A genomic rearrangement involving the immunoglobulin lambda (IgL) gene is predictive of resistance to immunomodulatory agents and poor outcomes among multiple myeloma patients, a new study suggests.

Testing for this rearrangement of chromosomes may help better stratify patients according to their risk of disease progression and tailor their treatment regimens.

“This could be different than other markers that we currently use in myeloma, because it may influence which drugs physicians may choose in both initial treatment as well as maintenance therapy,” Lawrence Boise, PhD, professor and vice chair for basic research in the department of hematology and medical oncology at Winship Cancer Institute and Emory University School of Medicine and the study’s lead author, said in a press release.

The study, “Multiple myeloma immunoglobulin lambda translocations portend poor prognosis,” was published in the journal Nature Communications.

In the last decade, new therapies — including stem cell transplants, proteasome inhibitors, antibodies, and immunomodulatory therapies — have improved the survival rates of multiple myeloma patients.

Despite these advances, 20% of patients will die or see their cancer return within two years. These patients are known as high risk, but many do not present high risk features at diagnosis.

To understand whether genetics plays a role in the risk of relapse, researchers at the Emory University School of Medicine investigated the genomic landscape of 795 newly diagnosed myeloma patients who took part in the CoMMpass study — a whole-genome sequencing project funded by the Multiple Myeloma Research Foundation (MMRF).

The researchers identified a type of genetic alteration called translocation — where chromosome segments and their genes change positions within the same chromosome or into another chromosome — in the IgL gene that was found in 10% of myeloma patients.

Patients with this genetic translocation were two times more likely to die within the first three years compared with patients without it. This risk was most pronounced for patients in which the translocation joined the IgL gene with the c-Myc gene, which drives uncontrolled cell proliferation.

Interestingly, most patients with this rearrangement had extra chromosomes, which is often associated with a better prognosis. Because patients are usually screened for genetic abnormalities such as extra chromosomes, but not IgL translocations, most of these high-risk patients are deemed standard risk, the researchers explained.

“Most patients who have an IgL translocation are actually being diagnosed as having standard risk disease, so this study has helped explain why some patients who we think will do well end up relapsing and dying early,” Boise said.

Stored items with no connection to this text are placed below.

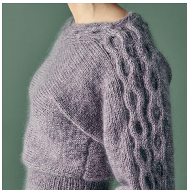
Kabel over de mouw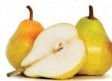
Pera Willians Importada Kg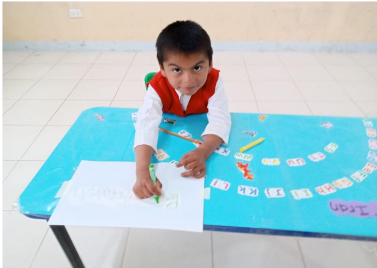
Imagen 5. Alumno realizando actividades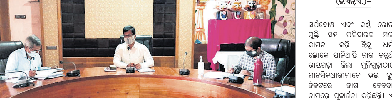
ବୈଠକରେ ଜିଲ୍ଲାପାଳଙ୍କ ସମେତ ଅନ୍ୟ ଅଧିକାରୀମାନେ।

ନବରଙ୍ଗପୁର, ୧୮୧୧ (ଡି.ପ୍ର.) ନବରଙ୍ଗପୁର ଓ ନନ୍ଦାହାଡ଼ି ବ୍ଲକର ୧୬ ଜଣ ସଂସ୍କୃତି ସହଯୋଗୀ ଛତ୍ର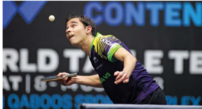
نهائي فردي رجال بطولة العالم للتنس مسقط ٢٠٢٣ (صورة إرشيفية)

العالمية والاتحاد الدولي لكرة الطاولة، وستقام المنافسات من خلال برنامج يومي مستمر، يبدأ في تمام التاسعة والنصف صباحا ويستمر لغاية الثامنة والنصف مساء، حيث يتنافس اللاعبون من الجنسين على عدد من فئات البطولة المختلفة، وسيتم تطبيق قوانين الاتحاد الدولي لكرة الطاولة في هذه البطولة، وستتطلق البطولة بأقامة الأتوار التمهيدية فردي الرجال وفردي السيدات.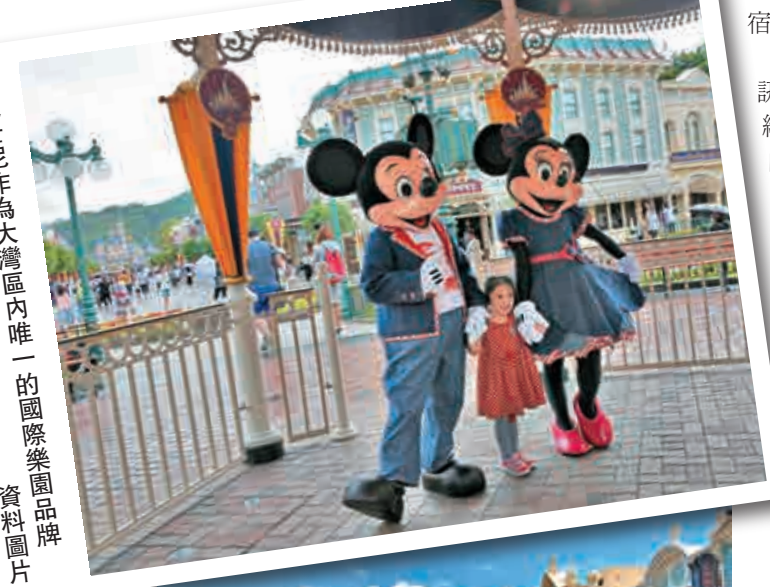
▶迪士尼作為大灣區內唯一的國際樂園品牌 資料圖片

樂園並正計劃提升軟件配套，包括優化「點對點」跨境巴士服務，由現時從香港迪士尼直接往返內地17個城市，未來增至27個，包括珠西地區等。而福州、廈門、武漢等距離本港較遠的城市，隨著廣深港高鐵香港段通車，當地居民的「五小時生活圈」將擴闊至香港，有利提升他們的訪港意慾。樂園除了在西九龍車站設立服務中心，協助旅客寄存行李外，亦會觀察內地旅客來港模式變化，以作對應。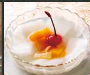
◆ 特製杏仁豆腐 380円

The study also found that patients with IgL translocations failed to benefit from immunomodulatory therapies such as Revlimid (lenalidomide), most likely due to a resistance of the IgL gene to the mechanism of action of these therapies.

Overall, “these data identify IgL-MYC translocations as a marker of poor prognosis, independent of other genetic abnormalities, with implications for diagnosis and treatment,” the researchers wrote.

With the support of the MMRF, the researchers are now working to develop genomic tests that identify several of these IgL translocations.

“This work is a perfect example of the benefits of broad access to CoMMPass data,” said Sagar Lonial, MD, FACP, an expert on multiple myeloma.

“This kind of work would not have been possible without the collaborative team of scientists and clinicians we have that focuses on myeloma-specific research every day, and is helping to change how we view and treat this disease,” he added.